URBANA – The University of Illinois would have to spend $13 million on new equipment for its computer network to comply with a recent government order extending a wiretap law to e-mail and online communications.
And it would have to replace some brand-new equipment being installed as part of a $20 million, five-year computer network upgrade.
According to the American Council on Education, universities nationwide would have to spend an estimated $7 billion to upgrade their networks by July 2007.
"Our students need lots of things, and this $13 million takes away from cool technology in the classrooms and bigger e-mail systems," said Peter Siegel, chief information officer for the UI.
The Federal Communications Commission issued an order that all Internet service providers, including universities, libraries and commercial providers, allow remote monitoring of electronic communications by law enforcement agencies.
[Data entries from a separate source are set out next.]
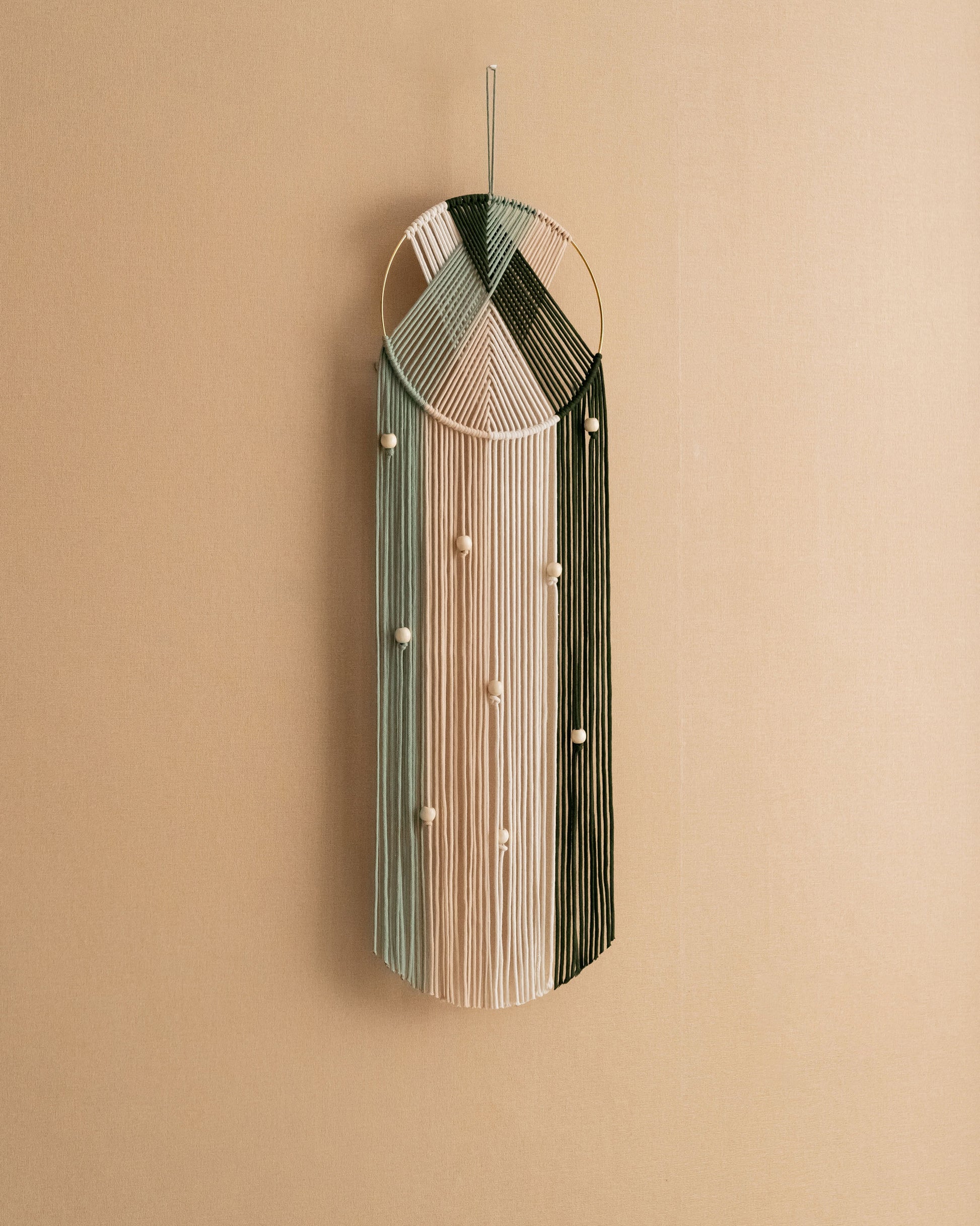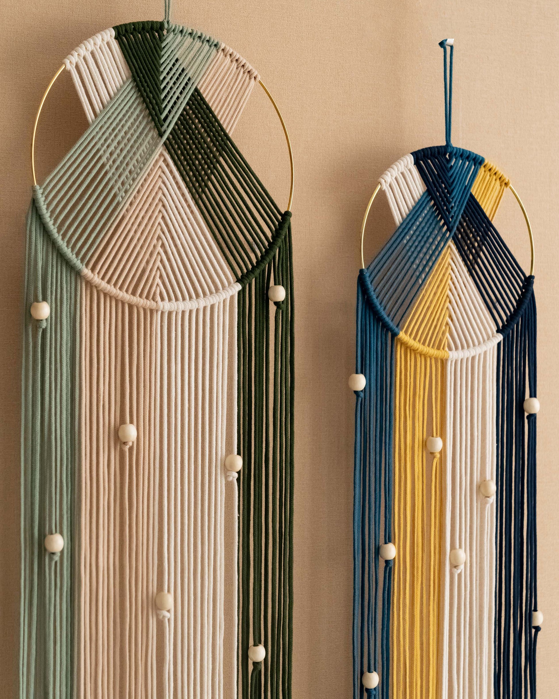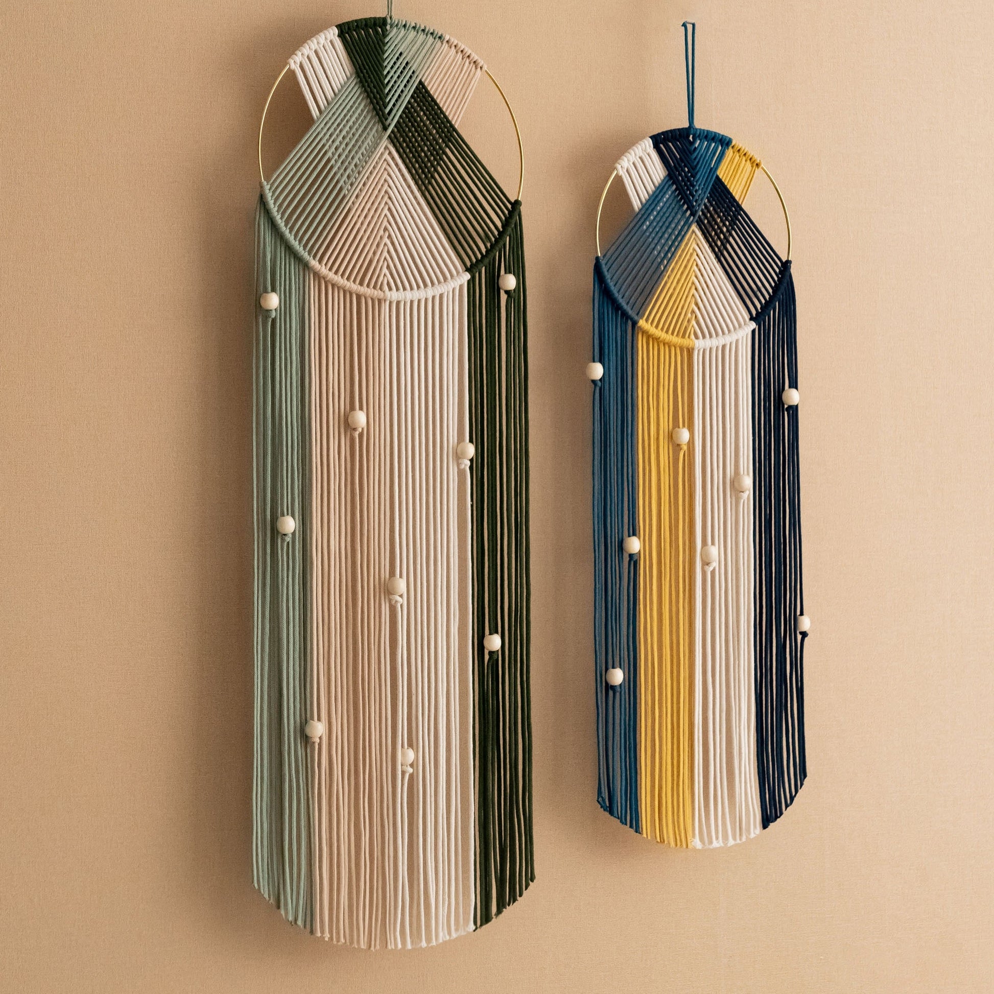 Bring harmony and a soft artistic touch to your home with this Fiber Wall Dreamcatcher – a modern macrame wall hanging crafted from high-quality cotton cord. With its half-circle form and color-blocked tassels, this piece is both trendy and timeless, perfect for fans of bohemian macrame wall hanging.
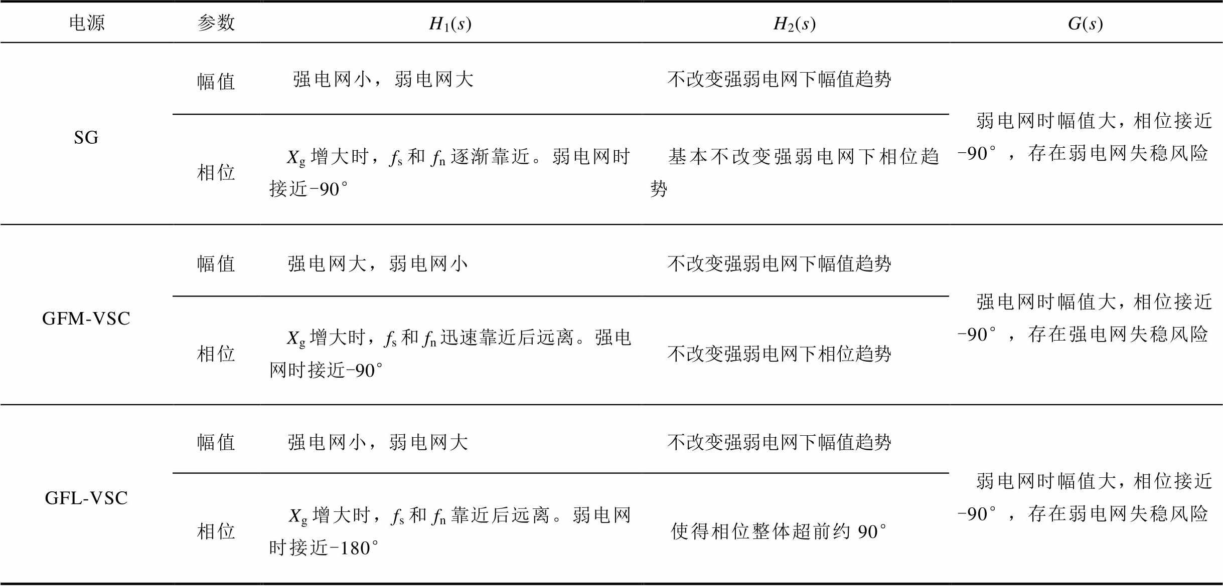 表1 SG和非SG电源并网系统强弱电网失稳现象比较总结
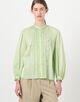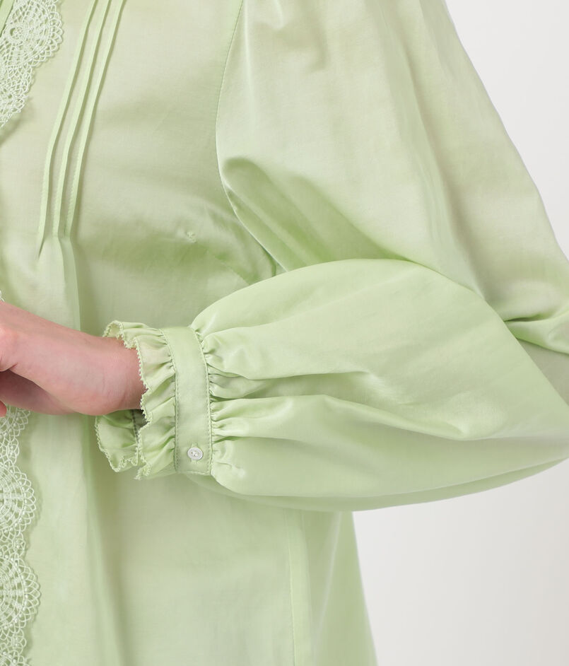 コットンシルクサテン タック&レースブラウス
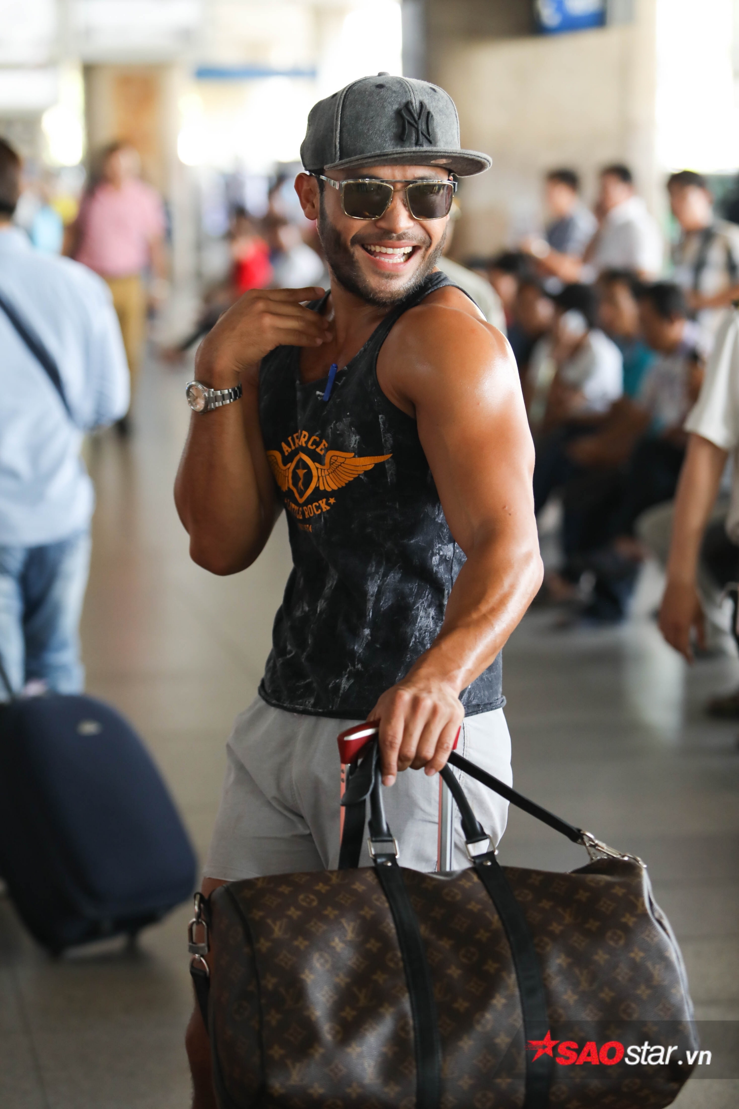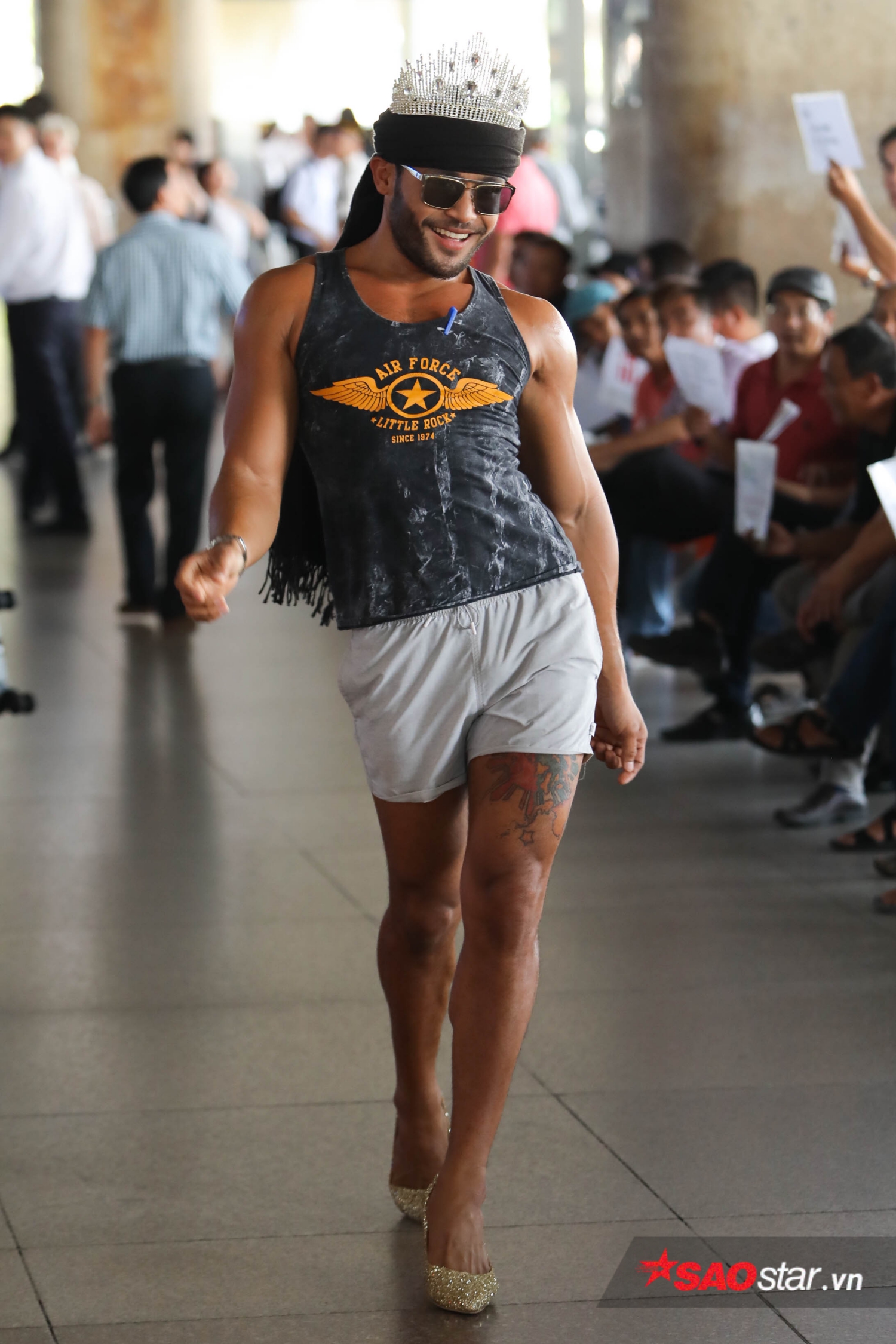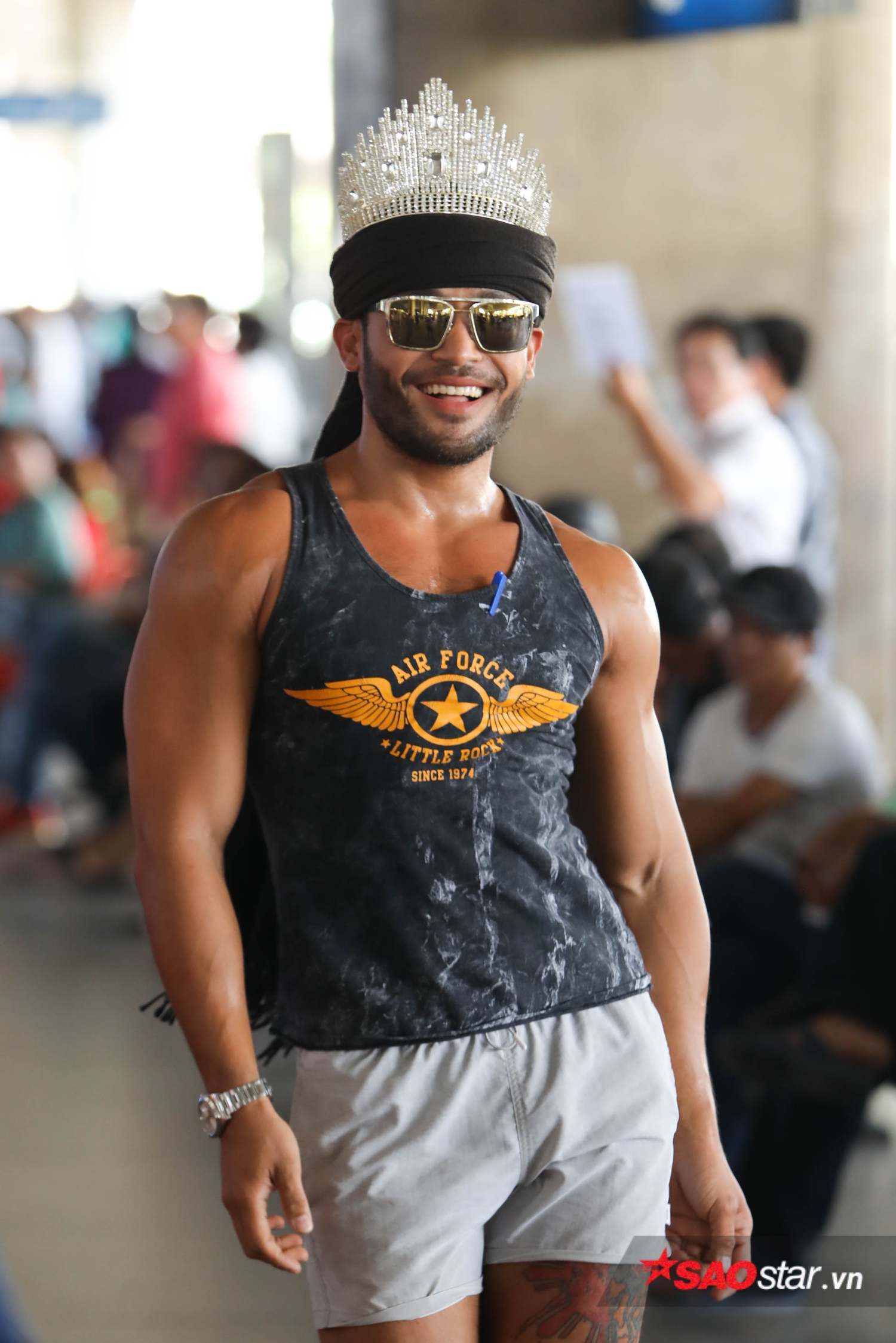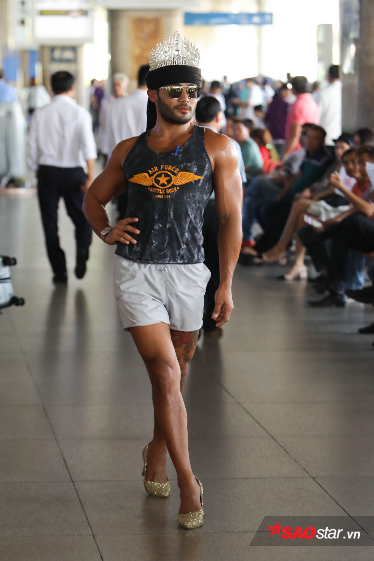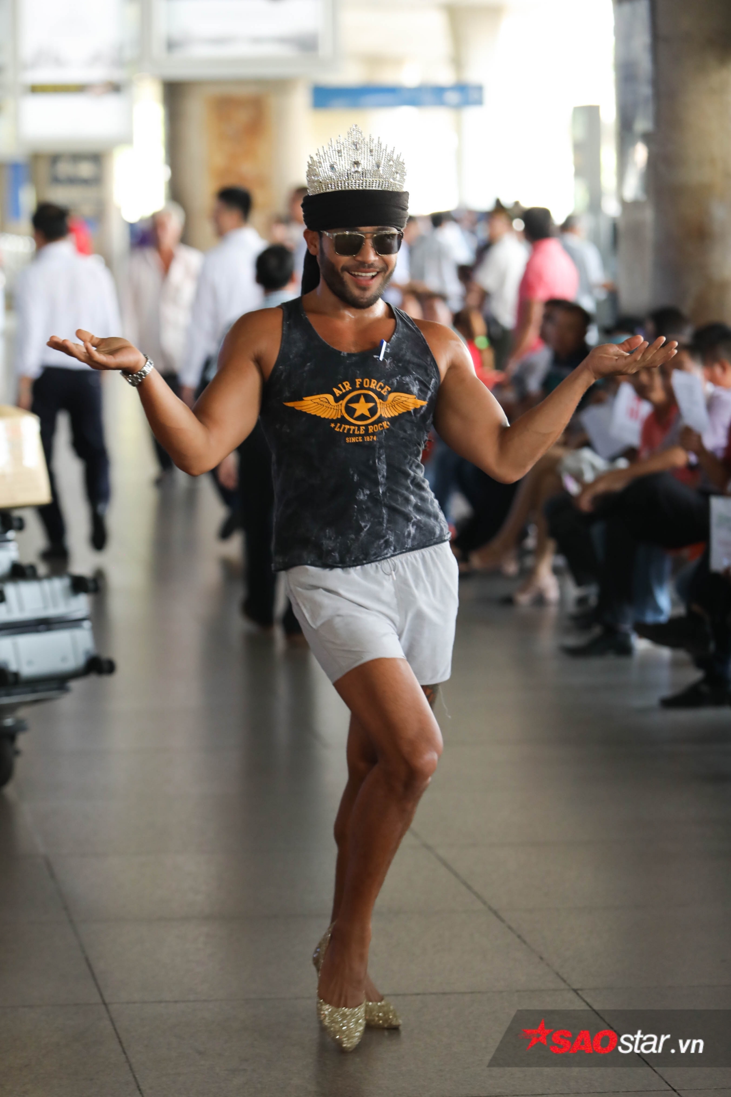 Chiều nay (2/5), anh chàng Philippines được mệnh danh “King of catwalk” Sinon Loresca đã đáp chuyến bay xuống sân bay Tân Sơn Nhất (TP. HCM) để bắt đầu hành trình đáng nhớ tại Việt Nam. Diện trang phục thường ngày để ứng biến với thời tiết quốc gia nhiệt đới nhưng Sinon lại bất ngờ đội vương miện và gây “náo loạn” sân bay với màn thả dáng đúng chất “Thánh catwalk”.

The order is an extension to computer networks of the 1994 Communications Assistance for Law Enforcement Act, which required telephone companies to redesign their systems to provide remote access.
The FCC issued the order at the request of the Department of Justice, the FBI and the Drug Enforcement Agency, to enable law enforcement to conduct court-ordered wiretaps as technology changed.
"Responding to the needs of law enforcement is of paramount importance," FCC Chairman Kevin Martin said in a press release. But he also said there needs to be a balance between fostering competitive broadband services and innovation and meeting the needs of law enforcement.
Siegel said the government wants to track communications of an individual, such as e-mail or instant messaging, no matter where the person is or what computer he is using, as opposed to monitoring a particular phone or computer. Siegel said some of the technology to allow law enforcement to track online communications remotely has yet to be designed.
To comply, the UI would have to replace 2,100 switches and routers in its computer network. But Siegel said a more cost-effective option would be to install equipment to track communications on the network's "backbone," which could monitor information flowing out of a building or off-campus.
That would cost $1 million, and the UI could install other special equipment as needed to monitor communications within a particular building, Siegel said.
"It's not trivial, but it's a lot cheaper than $13 million," he said.
"It isn't likely they are going to need to be watching 150 buildings on the Urbana campus every day," he added. "To have every campus be engineered just in case seems an awful lot of investment."
In its order, the FCC acknowledges that university networks might be private networks not subject to the order, but it stated that where the university network connects to the public, allowing information onto the Internet, it must be able to accommodate wiretaps.
Siegel, who is part of a national computer security task force, said the UI already works with law enforcement to comply with subpoenas to monitor communications. He said such cases usually involve an outside attack on the computer system rather than an individual on campus suspected of wrongdoing.
He said the UI wants to work with the government to help solve problems of computer security. He said universities are not objecting to the law, but rather the interpretation that says universities are covered in a specific way.
The FCC could still exempt education networks from the order. The order stated it reached no conclusion on that issue. The FCC is continuing to look at it, as well as standards for compliance and enforcement, and it is accepting comments on those issues until Nov. 14.
Siegel said the UI is working with other universities to look at the order and talk with FCC officials about how to provide what is needed in a cost-effective way.
"We're trying to be leaders in getting out the word on this and working with various organizations," he said. "Our view is, 'Let's not complain. Let's identify the best way to do this so we can use the money for more meritorious things.'"
The American Council on Education and a coalition of public interest and business groups, including the Center for Democracy and Technology, have both filed appeals of the FCC order.